→ **Task to complete**
Repeat only the lines from the one containing "6、投送完成以后,在TCL电" to the final line below, exactly as they read, and leave every picture out.

→ **Given material**

= Beginning of Section =

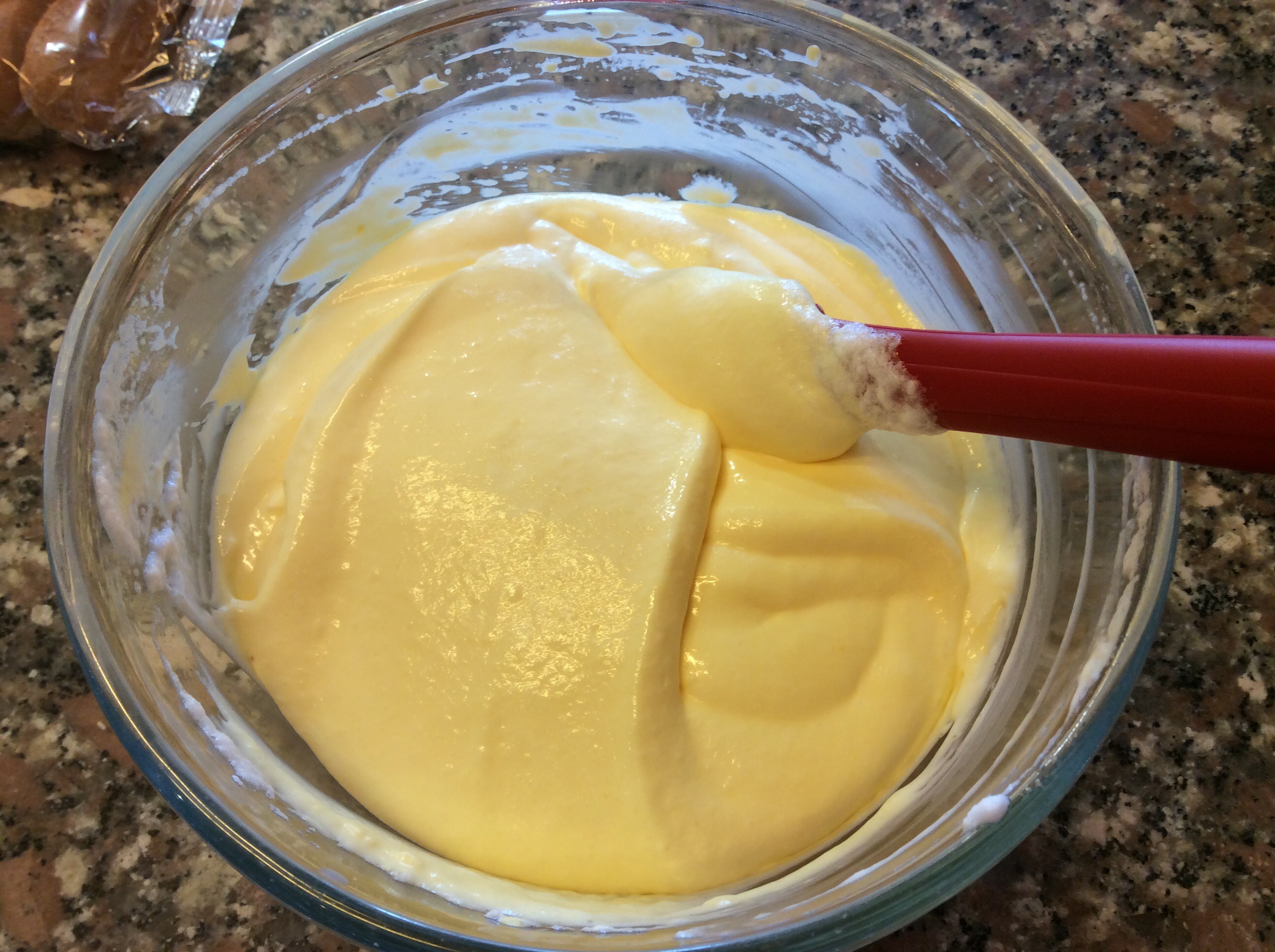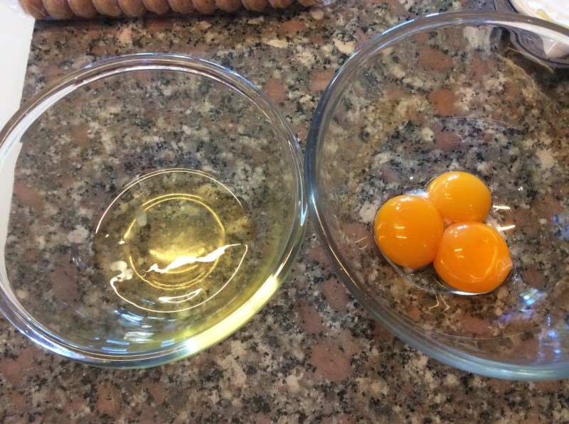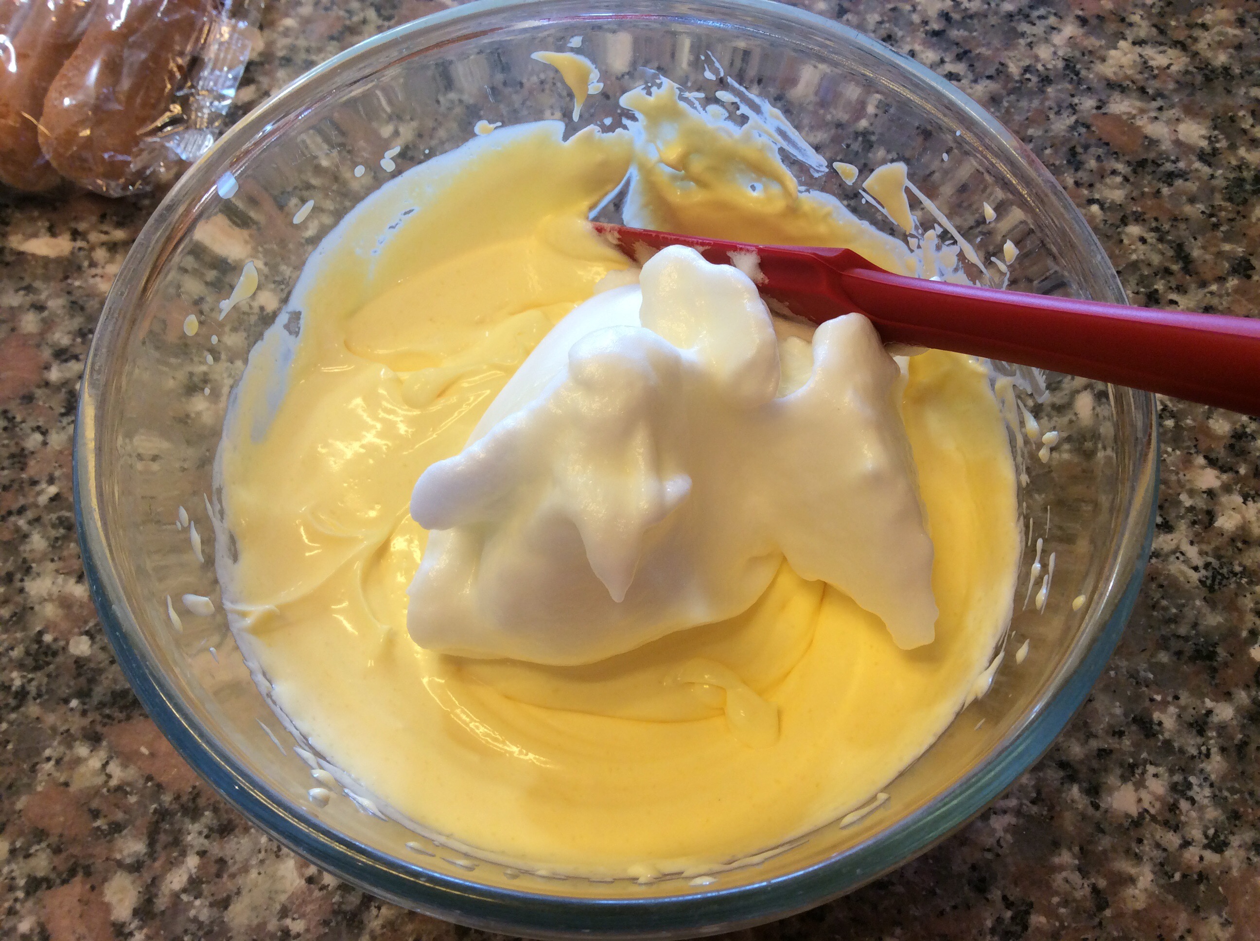 Unisco gli albumi ai tuorli mescolando dal basso verso l’alto per non smontarli
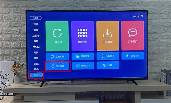 6、投送完成以后,在TCL电视中打开欢视助手(没有的话在应用商店下载一个),找到【管理】--【打开U盘】;
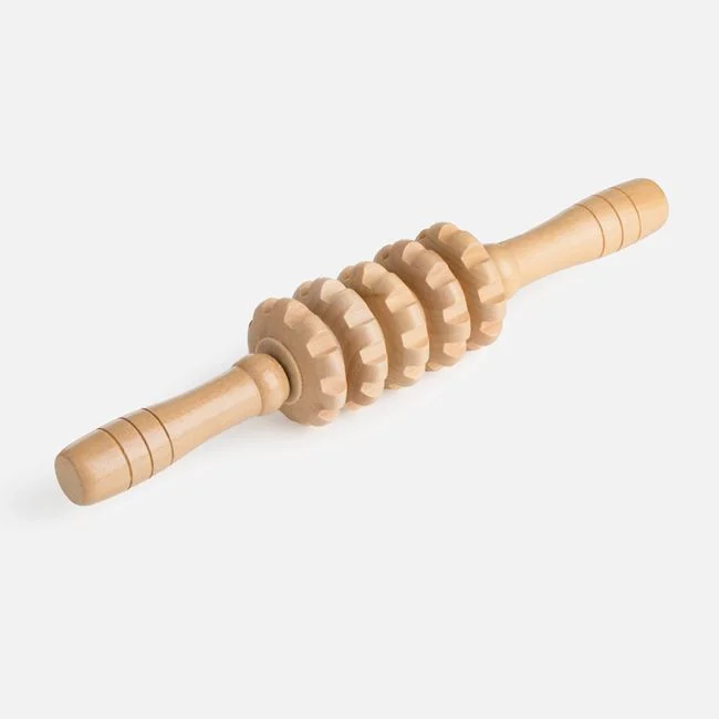 Wooden roller with 5 rotating discs with a textured edge for massage and targeted pressure on tight areas of the back, waist and neck. Helps decompress and relax muscles.
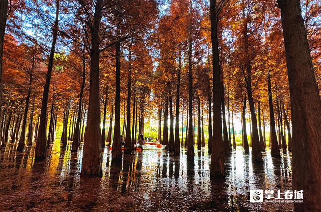 立冬后,昆明海洪湿地公园内由水杉林组成的“水上森林”渐渐变红,轻舟竹筏游走其间,美得好似油画一般,仿佛闯入童话梦境,一不小心就会晃了神。

= End of Section =

→ **Reply to the task**
 6、投送完成以后,在TCL电视中打开欢视助手(没有的话在应用商店下载一个),找到【管理】--【打开U盘】;
 Wooden roller with 5 rotating discs with a textured edge for massage and targeted pressure on tight areas of the back, waist and neck. Helps decompress and relax muscles.
 立冬后,昆明海洪湿地公园内由水杉林组成的“水上森林”渐渐变红,轻舟竹筏游走其间,美得好似油画一般,仿佛闯入童话梦境,一不小心就会晃了神。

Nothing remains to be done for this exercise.